Deloitte’s main advice for stores: Further integrate with those digital platforms. The report states, “Retailers should embrace the native capabilities of their digital touchpoints and integrate with platforms where their customers are already interacting at scale rather than trying to build such platforms themselves.”
According to the study, more than three-quarters (78 percent) of non-millennials are now using digital devices either two or three times throughout their shopping trip. Mobile device usage is no longer as heavily skewed toward millennials. Data shows that the age gap is shrinking as now – across all age groups – customers are turning to their mobile devices before and during the shopping journey.
“The important thing to remember is that most of today’s buying power still remains with non-millennials,” said Lokesh Ohri, senior manager, Deloitte Consulting LLP and leader of customer engagement, content and commerce offerings in the retail practice. “A better idea is to consider all the verifying types of customers, determine how they use digital differently in the purchasing journey and create a broad range of customized experiences for each.”

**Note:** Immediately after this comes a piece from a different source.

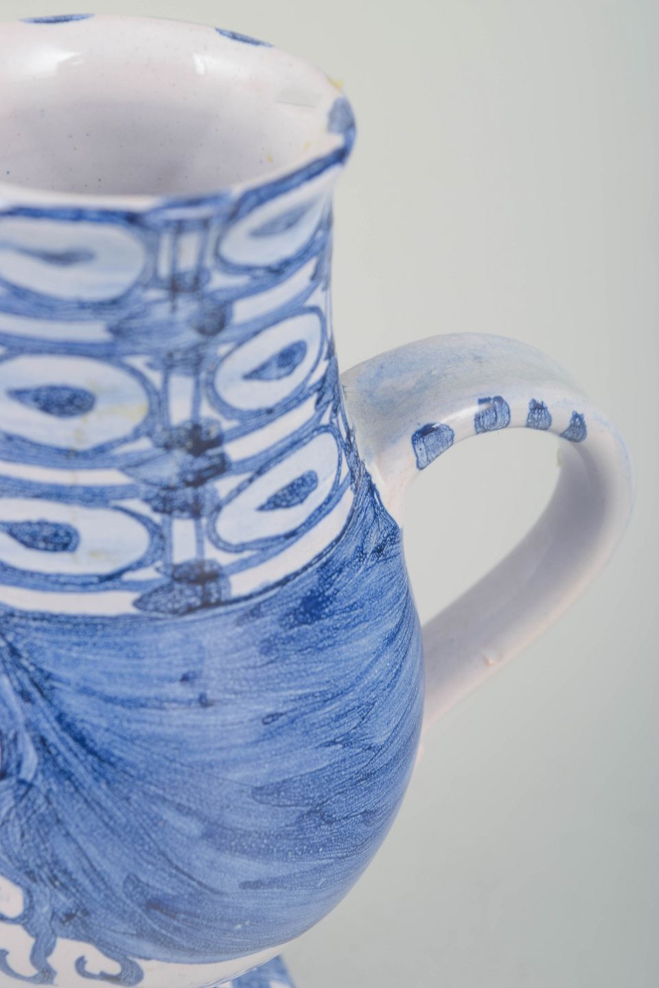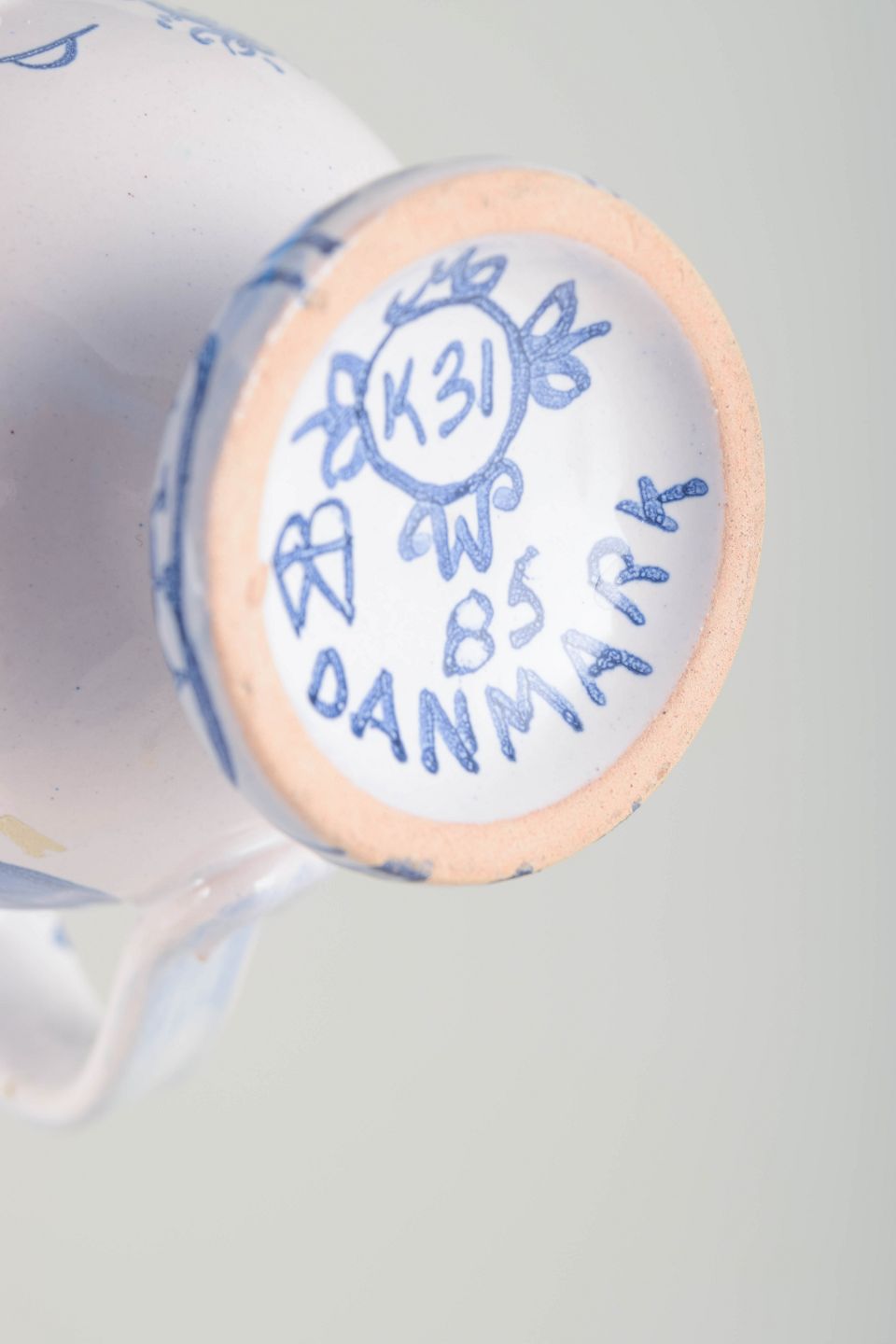 Håndlavet keramisk figur i form af en kvinde med kande, rigt dekoreret i klassisk Wiinblad-stil med detaljeret bemaling og karakteristisk udtryk.

“It isn’t just what retailers do, but when they do it. Research has also revealed that there are limited windows of opportunity to engage shoppers, with men getting bored after just 26 minutes and women after two hours, so engaging with purchasers has never been more important. By offering a variety of in-store engagement opportunities, mobile users open to an enhanced or incentivised visit will start to feel like their in-store experiences are able to offer them a similar one to those they enjoy online,” wrote Amy Keen for Extreme Creations UK. She also expressed the fact that many major high street players are actively seeking out solutions to this challenge. “Marks and Spencer has adopted ‘browse and order hubs’, Nordstrom has included ‘top pinned’ items in store to show retailers what social users are highlighting as key pieces. See more examples of technology being used by retailers, here. By increasing personalization, retailers are not only nurturing their customers’ interest in their brand, but developing their loyalty. The better the experience, the greater the conversion into purchasing and return custom,” concluded Keen.
Moreover, according to 27% of senior executives, digital transformation is “a matter of survival”, shows Shayla Price on Session Cam. Customers are shopping on multiple digital devices. They learn, compare, and purchase products without leaving their homes. An Altimeter report notes that “digital transformation represents the quest to understand how disruptive technology affects the customer experience.” With increased competition, businesses must differentiate themselves beyond product offerings. And that means mastering how to provide the best online shopping experience to their customers.